_WORK TO BE COMPLETED:_
Retype the lines of the listing below exactly, but only those from the one containing "57.5×57.5×0.2cm,구성:퍼즐 93개, 행성블럭" through the last line; pictures stay out.

_DATASET SECTION:_
== Segment start ==

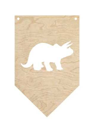 Ozdobny proporczyk ze sklejki z wyciętym dinozaurem, zbierz cały kompet i udekoruj pokój dziecka w ten oryginalny sposób.
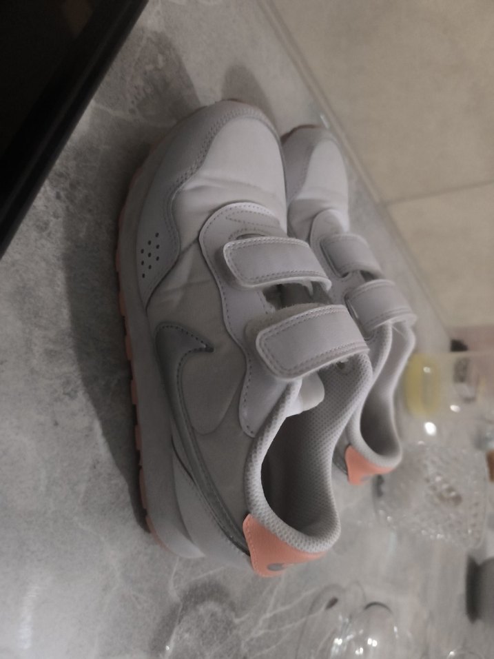 Nike kız çocuk spor ayakkabısı, beyaz ve gri detaylı, cırt cırtlı ve kauçuk tabanlı, trend sokak stili için uygundur.
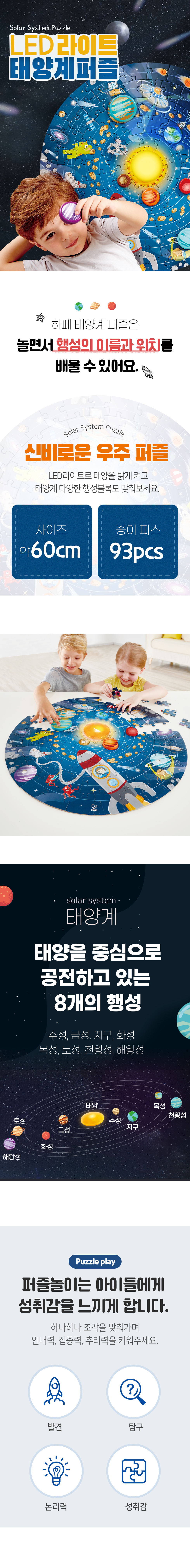 57.5×57.5×0.2cm,구성:퍼즐 93개, 행성블럭 8개,태양 1개, 양면포스터 1개,
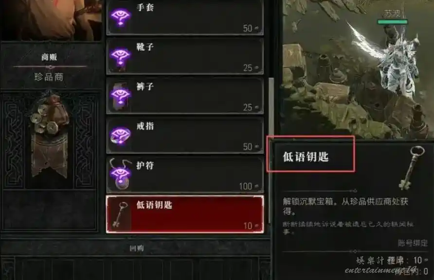 用於開啟地圖上的沉默寶箱。你只需要在任意主城找到珍品商,用20個低語古幣就能直接購買。

== Segment end ==

_RESPONSE FOR THIS EXERCISE:_
 57.5×57.5×0.2cm,구성:퍼즐 93개, 행성블럭 8개,태양 1개, 양면포스터 1개,
 用於開啟地圖上的沉默寶箱。你只需要在任意主城找到珍品商,用20個低語古幣就能直接購買。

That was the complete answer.